Once again Nancy’s role called for her to be patient, understanding, and smart as she tries to make peace between her domineering father, played by Charles Coburn, and her rebellious younger siblings, played by Glenn Ford and Gloria DeHaven. Apparently her diplomatic skills came in handy off the set when Coburn, who was in his seventies and wore a monocle, asked her to dinner. “It seems he was a lecherous old fellow,” said her Chicago friend Bruce McFarland, who called Nancy once a week during her first year in Hollywood. “She indicated that she spent the entire evening keeping him away from her. She thought it was hysterical.”36
Life seemed to fall into place fairly easily for Nancy in her newly adopted city. She found a nicely furnished two-bedroom bungalow with a flower-filled garden in Santa Monica.
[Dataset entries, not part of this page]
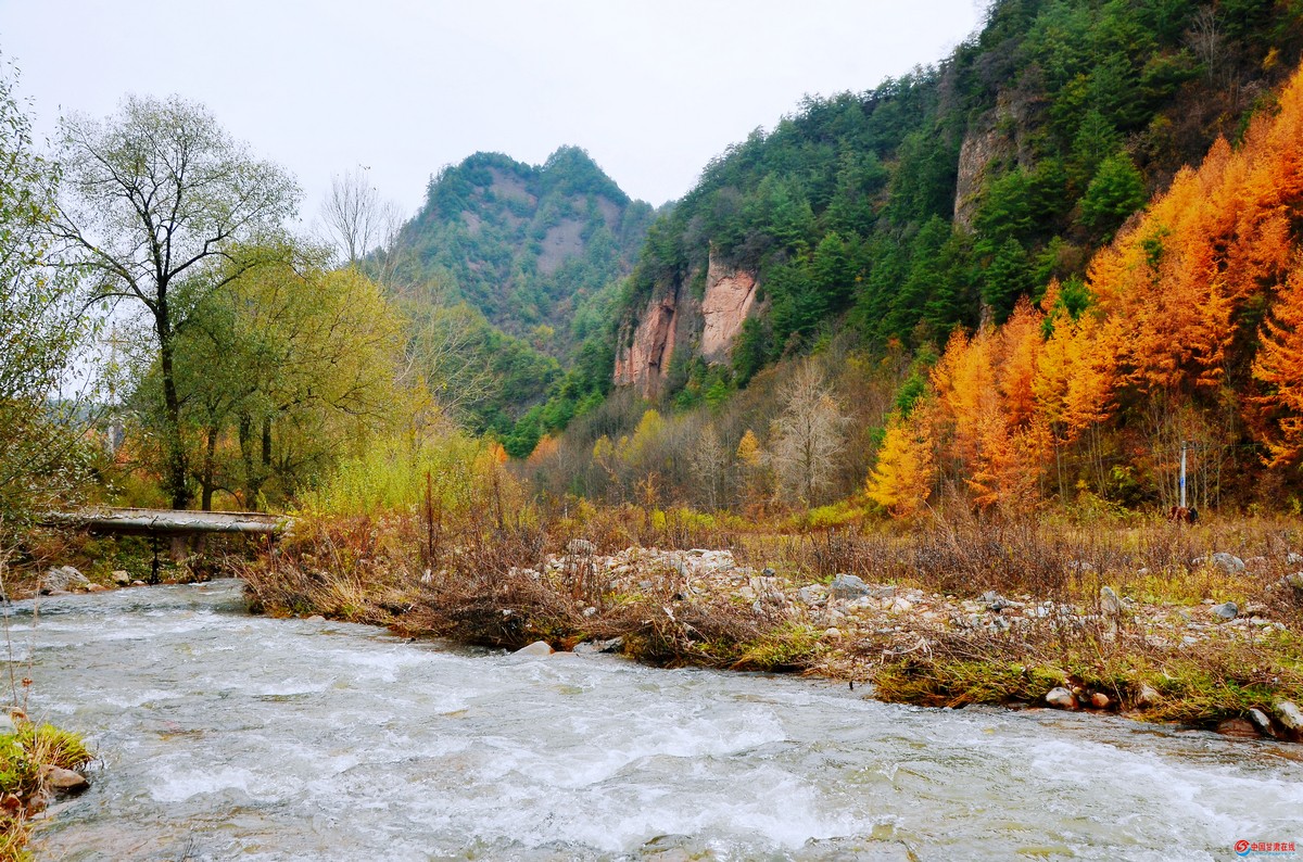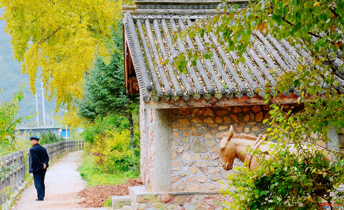 山脚下,溪流潺潺作响,清冽的浪花在石间跳跃,把山林彩影揉碎成流动的光斑。一座石拱桥静卧在溪流之上,像是在倾听秋的私语。风过林梢叶声簌簌,溪水潺潺不息,黄咀村的秋便在这声色交融里,成了一首读不尽的诗,每一行都溢满礼县上坪深秋的清灵与温婉。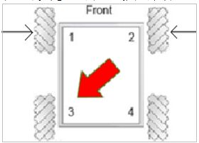 3. 請問下圖麥克納姆輪沿著粗箭頭指示的方向移動,其1~4輪面對轉軸細線所指的轉向為何?
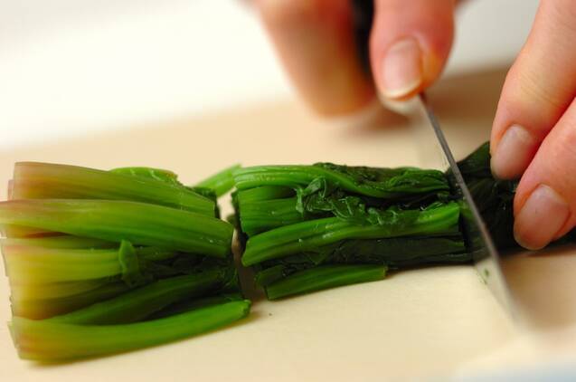 ホウレン草は熱湯でゆでて水に取り、水気を絞る。根元を切り落とし、長さ4~5cmに切る。

Nancy told Inez Wallace she had “a girl who comes in three days a week, cleans up the place and cooks my dinner. At night I study my script for the next day, or read or listen to the radio. I’m never lonely.”37
Van Johnson, who had become one of MGM’s top leading men during the war, and his wife, Evie, lived next door, and kept an eye on her. Clark Gable took her to lunch at the studio, and John Huston, at his father’s behest, gave a dinner party at Chasen’s to welcome her to town. “That was the first time I met Nancy,” recalled Leonora Hornblow. “She was very nice.